Delta and Delft Integraal/Outlook often write about innovative ideas that offer big promises for the future. But what has happened to such ideas a couple years on? What for instance has happened to the Delcraftworks’ flying saucer?
Delft Outlook, March 2007:
Delcraftworks aims to drag the aerospace sector out of the mire and develop an environmentally friendly airplane. For decades, the initiators say, nothing essential has changed in the design of passenger planes.
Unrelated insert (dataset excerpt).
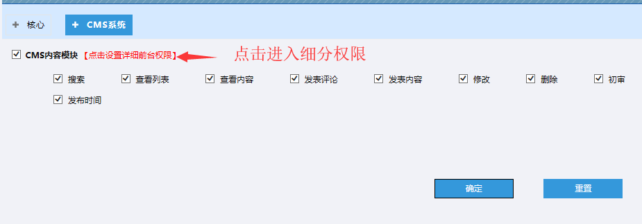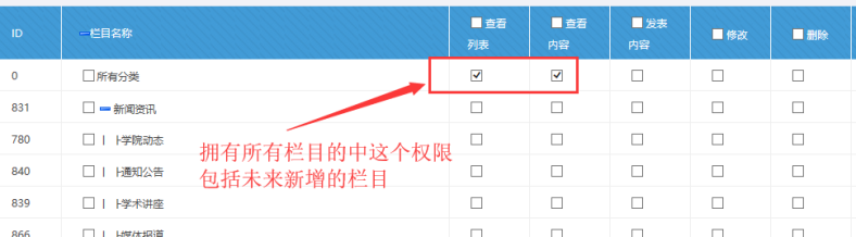 下圖可以勾選所有分類的按鈕。表示該角色對所有欄目,擁有欄目查看、內容查看的權限:

A plane without tail, which emits no carbon dioxide and flies very quietly. It was with great pride that researchers from TU Delft’s aerospace department, ‘Delcraftworks’, presented their invention, a blended wing aircraft, at Schiphol Airport a few weeks ago, just prior to it taking off for China. The plane did not take off silently however, but rather with the rumbling of a Boeing. What the researchers had presented was a mockup, which was then shipped to Shanghai, where it will be exhibited at the World Exhibition, which runs from May to October.
In 2007, when this department, which focuses its research on innovative, environmentally friendly airplanes, was first started, project leader Meine Oosten stated that the airplane of the future should be tailless, because the tail accounts for much of the air resistance. “Preferably, a plane should be nose-less as well”, he added.
The aerospace department promoted its daring project with ads in newspapers depicting a flying saucer. “That saucer wasn’t such a good idea”, says interim project manager, François Geuskens, in hindsight. “The marketing department used that picture to emphasize that we think out of the box at TU Delft. From the start however we made it clear that our goal was not to make a saucer. Nevertheless, the story took on a spin of its own. It’s clear that a saucer is not the right shape for an efficient plane. In industry we were not taken very seriously.”
By the end of this year, Delcraftworks aims to have a prototype of an unmanned, blended wing airplane up and running with a wing span of almost two meters. “The design of this airplane, called Zesar (Zero Emission Silent Aircraft Realisation), is in a very late stage”, Geuskens confirms. “We have no parts ready yet, but we have ordered the malls.” Geuskens believes that by 2012 he and his colleagues will have built a prototype twice that size.
The first small prototype will run on batteries. The later version will use hydrogen: either by direct hydrogen combustion in special hydrogen jet engines (which still must be developed) or with the intervention of a fuel cell.
The researchers presume that substantial progress will be made in technologies for compact hydrogen storage (the problem with this fuel is the huge amount of space it takes up), because as early as 2015 or 2016 they intend to have a manned airplane ready with a span of around eight meters, which can fly 1500 kilometers at a cruising speed of 400 kilometers per hour.
After the flying saucer misfortune, the hope is that TU Delft will not place any new ads asking for extraterrestrial pilots.